His arm doesn't need to be around her, but it is. She doesn't need to lean so heavily on him, but she does. Tomorrow, she'll wonder if this should feel so natural to her…as if, he's supposed to be there. She'll wonder if there are nights in her future that end with him waking her from the couch and taking her back to bed…their bed. Maybe, it won't be the couch, she'll wonder. Maybe it'll be that rocking chair that she's not supposed to know about just yet. She'll wonder all that tomorrow, but for now she just rests against him as they pad softly to her bedroom.
He pulls back her sheets further than they've already been pulled, no doubt in a mad haste to make it to the bathroom and she slips between them. When he joins her, and rests on his side, he's pleasantly surprised to see that she's more alert than she had been on the couch.
"So, she moved, huh?" he asks, quietly. He's not sure why his voice is almost a whisper. His child…their child had moved within her. Perhaps it's the reverence of the entire situation that prevents his voice from fully presenting itself in her darkened bedroom.

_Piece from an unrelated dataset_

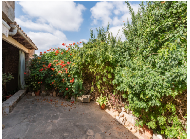
Angrenzende Terrasse im Außenbereich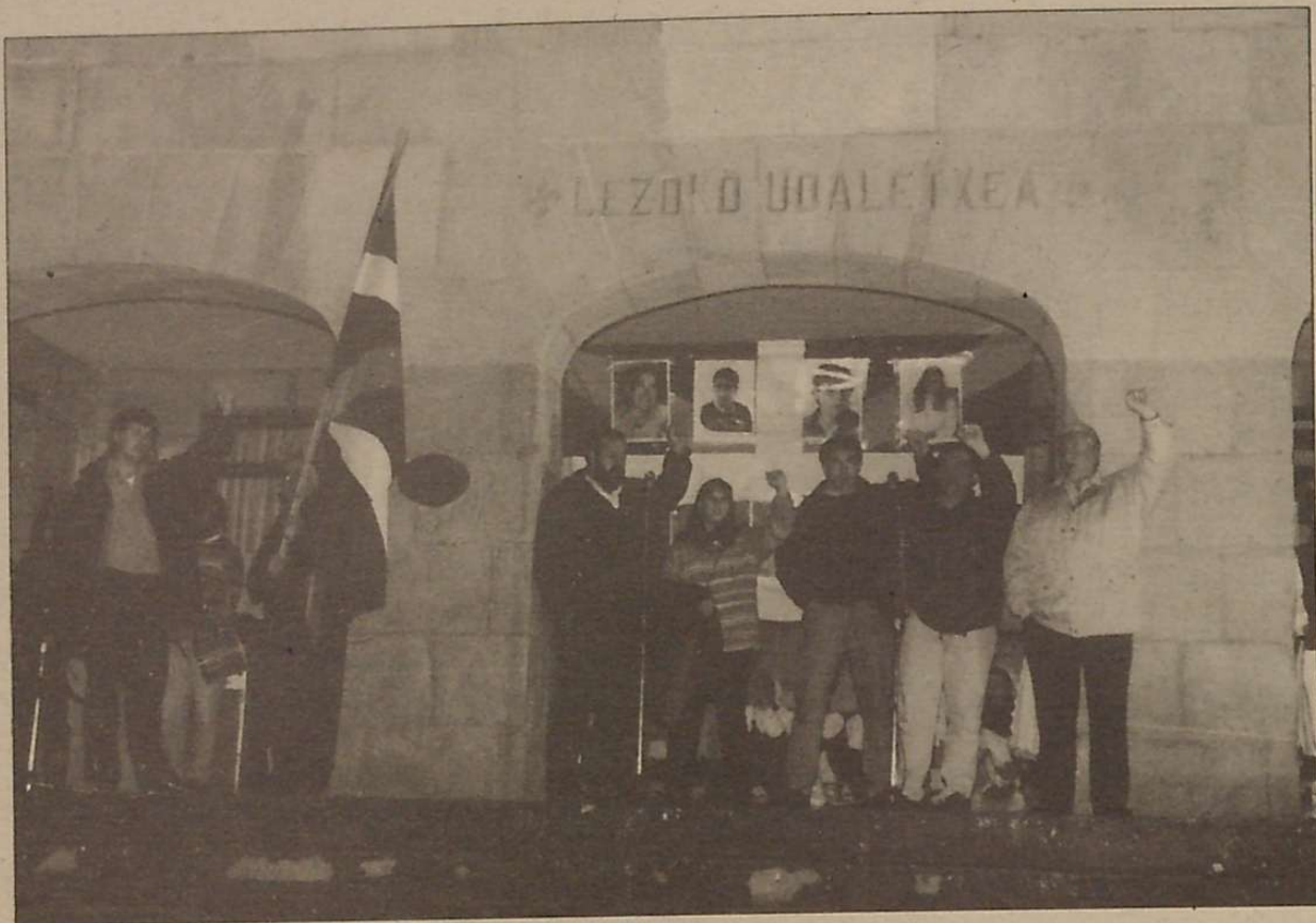
Hamar urte barruan eta etxera herria zain!

pentsatzen dute egunak eta orduak nola bete. Zenbat lo egin, kirola, gorputza nekatu, erlajazio lasaitzeko, pasiatu atzera eta aurrera, irakurri, ondoko zeldakoekin altu hitz egin, eta abar. Esandakoaren antzekoak izaten dira txapeoak, eguna joan eguna etorri berdin; eta bat nola ez dena egiten da.

"She did," Brennan confirms, watching and feeling his hands glide across her abdomen. She isn't going to tell him that he won't be able to feel anything now. She doesn't need to tell him that it's just quickening and that their daughter's movements won't be able to be felt externally for a few more weeks. He knows all this. And yet…he doesn't.
He's told her already that he never got to experience this when Rebecca was pregnant with Parker. She knows that they broke up after his impromptu home pregnancy test marriage proposal, and that prevented him from being present for so many of his son's firsts. So as she stood there, breathless and barefoot in her kitchen, she knew she had to call him. She knew it was late, but she couldn't keep this from him.
When he breaks down and finally asks her what it feels like, he smiles and listens intently as she describes it, as best she can. She rattles off the squint definition, desperately needing to give this feeling of magic and awe a concrete description. She tells him what other women have equated it to, Angela had said gas bubbles. Her father recounted that her mother referred to her as the little butterfly. He notices that as she gives him these answers, her eyes never leave her abdomen. He also notices, that she never quite answers the question.
"No, Bones. What did it feel like for you?" he rephrases the question. "Tell me how it feels when our baby moves inside you."
She looks at him and answers the best she can. It's not squinty. It's not specific. It's honest and it's yet another qualifier that she's going to be the perfect mother to their child.
"Amazing. Booth, it just feels amazing."